Alberto sighed. “Whatever, man.” After a minute, he said, “What city you live in?”

“L.A.”

“Echo Park? I lived there for a few months when I was a kid.”

Reed shook his head. “I’ve lived in L.A. my whole life,” he said.

“You had, like, a mom and dad and everything?” Alberto asked tentatively.

Reed turned brief eyes to him. “Both for a while, but my mom mostly raised me.”

“Did you ever belong to a—some kind of organization?”

Reed sighed. “Just because my mom was a sister doesn’t mean I joined a gang. I never pegged you as a racist SOB.” He raised his eyebrows at the other man.

Alberto laughed. “Man, I am so not talking about gangs right now. I think there are some people you should talk to. I think you may be related to me and my Family and not know it.”

Reed whistled as his truck shuddered dramatically to a stop in front of the address Alberto had given him. “Nice digs,” he commented.

Alberto grunted as he awkwardly slid out of the vehicle. “Yeah, not bad, right? My Family owns it.” Half hidden in lush green foliage—since, in Southern California, winter was the wet season—the sprawling, two-story, Craftsman-style house almost appeared carved out of the scenery. It was difficult to gauge the exact size of the house, but it was clearly the home of a wealthy family.

Walking slightly hunched, his right arm banded across his stomach, Alberto led him to a rocky path through the spacious yard. After painfully navigating the three steps leading to the porch, Alberto paused in front of the giant, arched wooden door. “Welcome to Casa Daleth,” he said, grinning. He swung open the door with a flourish.

A sleek, blue-gray dog bounded to Alberto and shoved its nose into his free left hand. He petted it absently while scanning the entranceway, presumably for other people. “Good girl,” he muttered.

The two men entered the foyer and into a spotlessly clean interior.
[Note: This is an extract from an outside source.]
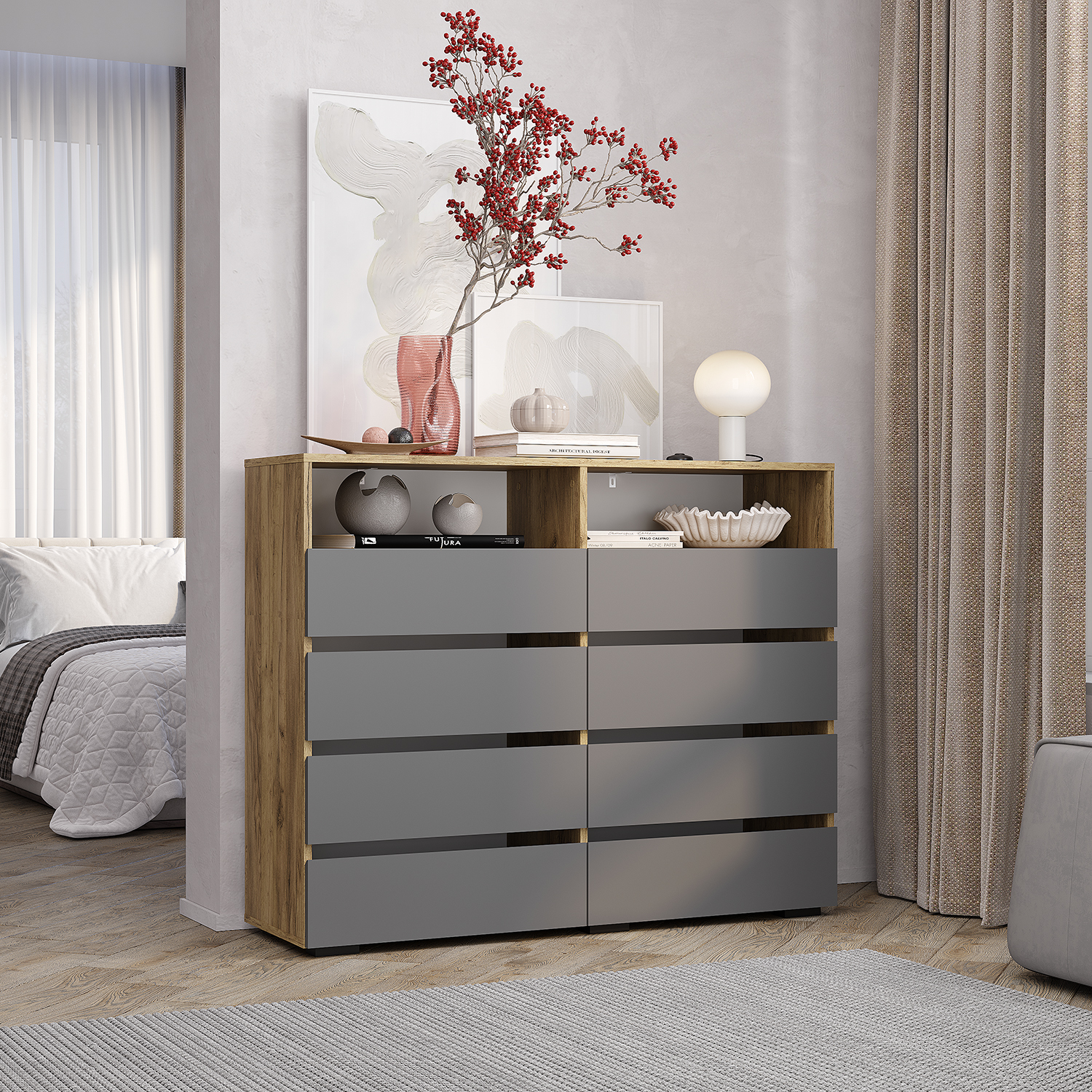 "Твист" - это стильное решение в трендовой цветовой гамме, которое идеально дополнит современные интерьеры в стиле "лофт" и "неоклассика". Компактные модули оснащены всеми необходимыми зонами хранения. Матовое покрытие - не только эстетичная, но и практичная деталь, на которой незаметны отпечатки. Геометрическая конструкция модели подойдет для разных пространств. Зеркало с еврокромкой сделает подготовку к выходу комфортной и удобной. Комод будет одинаково органично смотреться в гостиной, прихожей и спальне. В качестве альтернативы лицевой фурнитуре на фасадах сделаны эргономичные интегрированные срезы.

The flooring alone, a light brown stone inlay, cost more than Reed made,—had made, in a year. Maybe several years. The foyer opened up into a living room or sitting room or whatever the hell rich people called the place where people sat and talked. The house was done in comforting, earthy colors and decorated, oddly, with slightly bedraggled plants in expensive, mosaic pots. A wide, full-length mirror, its edges outlined with a heavy border of pressed tin, sat flush with the wall opposite the couch.
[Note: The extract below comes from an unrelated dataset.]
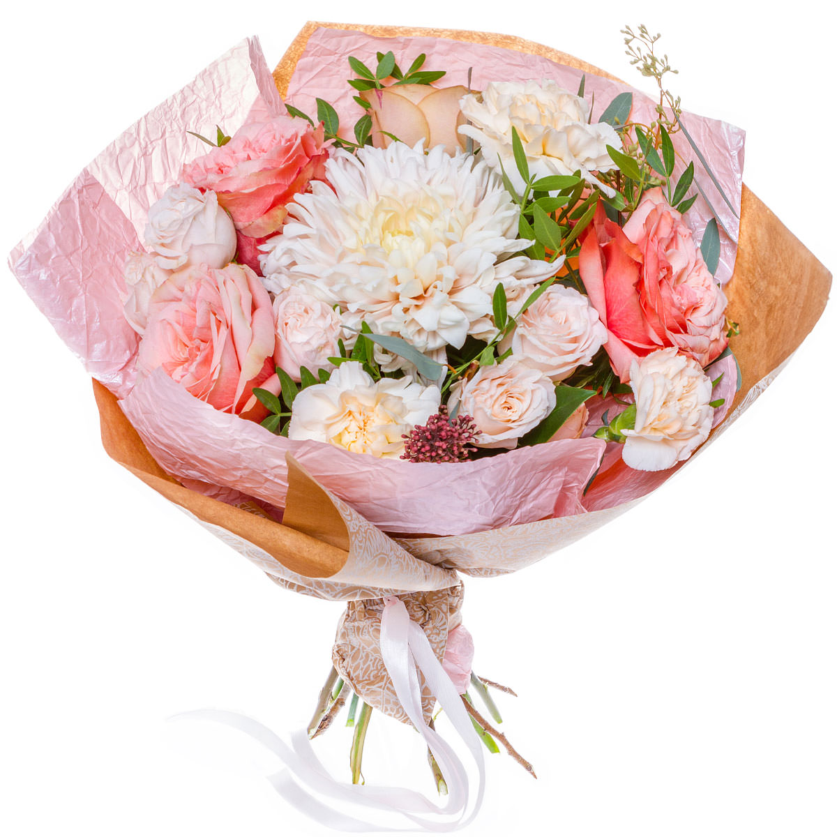 Хризантема одноголовая розовая, роза одноголовая розовая, гвоздика кустовая розовая, озотамнус, фисташка. Упаковка (лента, пленка, крафт, сетка, пленка матовая)

“That you, Berto?” a young woman’s voice called from somewhere off to the right.

“Come here, Mari!” Alberto, the typical post-teenager, yelled. Within a minute, a tiny brown girl, no more than twenty-five, hair twisted into two low ponytails to accentuate her wide-eyed, innocent look, stepped into view. An inch or two over five feet, slim and fragile, the young woman shared Alberto’s huge brown eyes and clear, light brown skin. She looked like an angel. “This is my sister, Maricruz,” he said, rather redundantly. “Mari, this is Reed.”

“What happened to you,
mijo
?” she asked in a voice that, although sharpened by concern, still managed to sound like some kind of musical instrument,— an oboe, maybe, or some kind of flute.

“I ran into some Clan,” he said, and limped—a little more ostentatiously than before, Reed thought—to the nearest couch, a champagne-colored, suede sectional. He eased himself down with a loud groan.